Now, open up a rviv2 window in a seperate terminal with :
source /opt/ros/DISTRO/setup.bash
rviz2
Add the following displays and panels to RVIZ:
Changed the ‘Fixed frame’ to ‘map’
‘Add’ button under displays and ‘by topic’ tab, select the ‘/map’ topic.
‘Add’ button under displays and ‘by display type’ add a transform.
‘Panels’ on the top menu, select ‘add new panel’ and select the SLAMToolBoxPlugin
It should look like something like this:
Flying and mapping
While still connected to the crazyflie with the server, open another terminal and type:
source /opt/ros/DISTRO/setup.bash
ros2 run teleop_twist_keyboard teleop_twist_keyboard
and make the crazyflie take off with the ‘t’ key on your keyboard.
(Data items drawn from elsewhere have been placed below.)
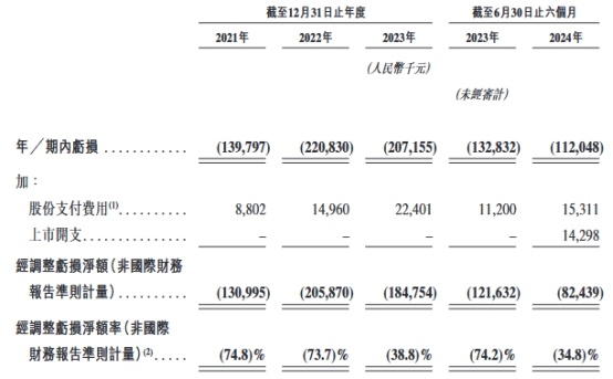 同期,公司经调整亏损净额(非国际财务报告准则计量)分别为131.0百万元、205.9百万元及184.8百万元、82.4百万元。
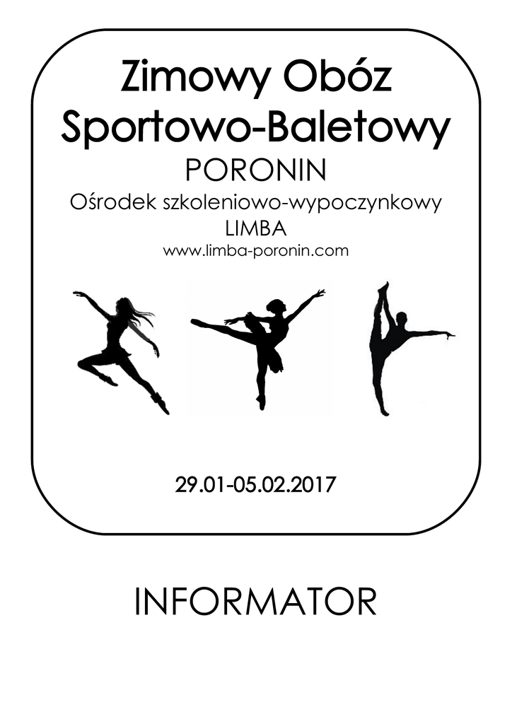 Zimowy Obóz Sportowo-Baletowy PORONIN Ośrodek szkoleniowo-wypoczynkowy LIMBA www.limba-poronin.com 29.01-05.02.2017 INFORMATOR Informacje organizacyjne 1. DZIEŃ WYJAZDU– 29.01.2016 / niedziela / parking przy Parku Handlowym Zakopianka (ul. Zakopiańska 62) GODZINA ZBIÓRKI: 10:10 / GODZINA WYJAZDU: 10:30 Na miejscu zbiórki: 1. 2. 3. UDAJ SIĘ DO OPIEKUNA PRZEKAŻ OPIEKUNOWI PODPISZ SIĘ U OPIEKUNA GRUPY DZIECKA. PODPISANĄ KOPERTĘ Z POD OŚWIADCZENIEM Lista podziału na grupy KIESZONKOWYM (najlepiej DOTYCZĄCYM ZGODY NA opiekuńcze znajduje się w drobne) ORAZ jeżeli PODAWANIE LEKÓW ORAZ dalszej części istnieje potrzeba NA FOTOGRAFOWANIE. „Informatora”. (podpisane i osobno spakowane) LEKI DZIECKA. *Narciarze przekazują również w osobno podpisanej kopercie opłatę za pakiet narciarski. Bardzo prosimy o pożegnanie się z dziećmi przed ich wejściem do autobusu. 1.DZIEŃ POWROTU – 05.02.2017 niedziela / około godz. 12.30 / 13.00* / parking przy Parku Handlowym Zakopianka. *w zależności od warunków panujących na drodze 2.Telefon dzieci będą odbierać w trakcie ciszy poobiedniej – około 14.30 – 15.30 (ostateczną godzinę podamy pierwszego dnia Obozu). Telefon powinien znajdować w się w podpisanym futerale. 3.Prosimy o zapewnienie dzieci, że w każdej sytuacji może liczyć na pomoc wychowawcy i kierownika obozu. 4.Z przyczyn organizacyjnych przydział dzieci do pokojów oraz grup ćwiczeniowych odbędzie się po przyjeździe do Poronina. Dojazd do Parku Handlowego Zakopianka Podział na grupy opiekuńcze Grupa 1 „Różowe” pod opieką Pani Karoliny Łaciak: 1. Bonarek Krystyna 2. Gawor Janeczka 3. Jaglarz Maja 4. Kasperek Karolina 5. Klimczyk Lilianna 6. Lewkowicz Hanna 7. Matusik Joanna 8. Ochońska Emilia 9. Roman Kinga 10. Stec Magdalena 11. Wąsikowska Alicja Grupa 2 „Fioletowe” pod opieką Pani Aleksandry Domagała: 1. Bożek Natalia 2. Budyn Hanna 3. Bułacz Maja 4. Foszcz Paulina 5. Grzyb Maja 6. Kotyras Paulina 7. Kowalska Milena 8. Łodzińska Klaudia 9. Mirosław Hanna 10. Płonka Joanna 11. Skrzypczak Zuzanna 12. Słonecka Maria 13. Szkaradek Maria 14. Warias Nel 15. Wąsik Kinga Grupa 3 „Niebieskie” pod opieką Pani Anny Banaś: 1. Brągiel Antonina 2. Foszcz Karolina 3. Harasymów Anita 4. Kruczek Urszula 5. Puszczyńska Celina 6. Satora Gabriela 7. Seweryn Zuzanna 8. Walczak Jagoda 9. Wiktorczyk Zuzanna 10. Wiktorczyk Gabriela 11. Zapała Ewa Grupa 4 „Złote” pod opieką Pani Karoliny Kursa- Bargieł: 1. Felczak Natalia 2. Filec Amelia 3. Gaujour Paulina 4. Jakima Gabriela 5. Kamasz Laura 6. Kuc Zuzanna 7. Loster Martyna 8. Malasińska Jagoda 9. Paszko Wiktoria 10. Pawlik Oliwia 11. Płonka Katarzyna 12. Puszczyńska Zuzanna 13. Pyzia Estera 14. Sendor Zuzanna 15. Sochacka Iga 16. Sroczyńska Eliza 17. Szerla Natalia Lista rzeczy Oto lista potrzebnych oraz przydatnych rzeczy: Strój baletowy, rajstopy, baletki, Dres, legginsy, t-shirt, Strój kąpielowy, klapki, 2 ręczniki (jeden na basen), Buty do hip-hopu (tenisówki/adidasy), Strój sceniczny (na baletowy bal przebierańców), Podpisana szczotka do włosów i inne przybory do czesania, Podpisany bidon, Ciepła odzież zimowa (ocieplane spodnie/kombinezon, kurtka z kapturem, buty śniegowce, golfy, 2 pary rękawiczek, 2 czapki, szalik), Plecak na wycieczki, Legitymacja szkolna, Przybory do pisania, Płyty / pendrive lub inny nośnik danych z ulubioną muzyką, Lekarstwa (w przypadku osób, które muszą przyjmować leki specjalistyczne np. Aviomarin), Dobry humor i głowę pełną pomysłów :-) UWAGA! Nie ponosimy odpowiedzialności za cenne rzeczy (m.in. mp3, aparaty, telefony komórkowe). NARCIARZE: Podpisane: narty (sprawdzone w serwisie, spięte paskami), buty narciarskie, kije do nart oraz gogle, Kask- osoby bez kasku nie zostaną wpuszczone na stok! Odzież narciarska: kombinezon, rękawiczki, bielizna, 2 pary skarpet, GOLF – dzieci na stoku jeżdżą w golfach, nie w szalikach, Krem do twarzy z filtrem UV, szminka ochronna. Notatki Dane kontaktowe Organizator: Niepubliczna Pozaszkolna Specjalistyczna Placówka Oświatowo-Wychowawcza „Edukacja Artystyczna Dzieci” ul. Krowoderska 48 / 2 31-158 Kraków tel.+48 504 676 955 +48 537 379 955 Ośrodek: Ośrodek wypoczynkowy „Limba” ul. Kośne Hamry 15A 34-520 Poronin tel.+48 18 20 74 042 +48 603 656 765 Kierownik obozu: Bernadetta Zwierowska tel. +48 510 073 678 Wychowawcy: Karolina Kursa- Bargieł tel. +48 505 328 180 Karolina Łaciak tel. +48 510 779 138 Aleksandra Domagała tel. +48 605 610 713 Anna Banaś tel. + 48 512 053 675
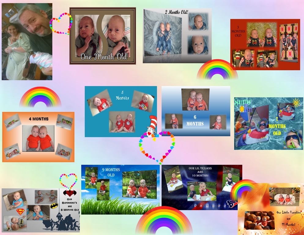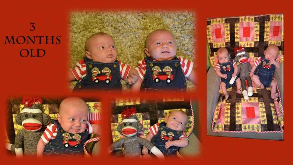 Jaxen and Owyn are rolling all over the place, sitting up and Owyn is starting to crawl. They both say momma and dada now! They are loving eating homemade baby food that I make for them. (carrots, sweet potato, butternut squash, apples, pears, chicken, cherries, yellow squash, peaches, banana, avocado, egg) We love watching them learn and discover new things each day.

Now fly around the room to make a map of it.
Note
Tip: start with turning slowly with yaw, which should be enough to get most of the room.
Once you are happy, you can save the map with ‘Save Map’ in the SLAM toolbox panel, and land the crazyflie with ‘t’ with teleop_twist_keyboard.
If not, you could tweak with the parameters of the SLAM toolbox to get a better result.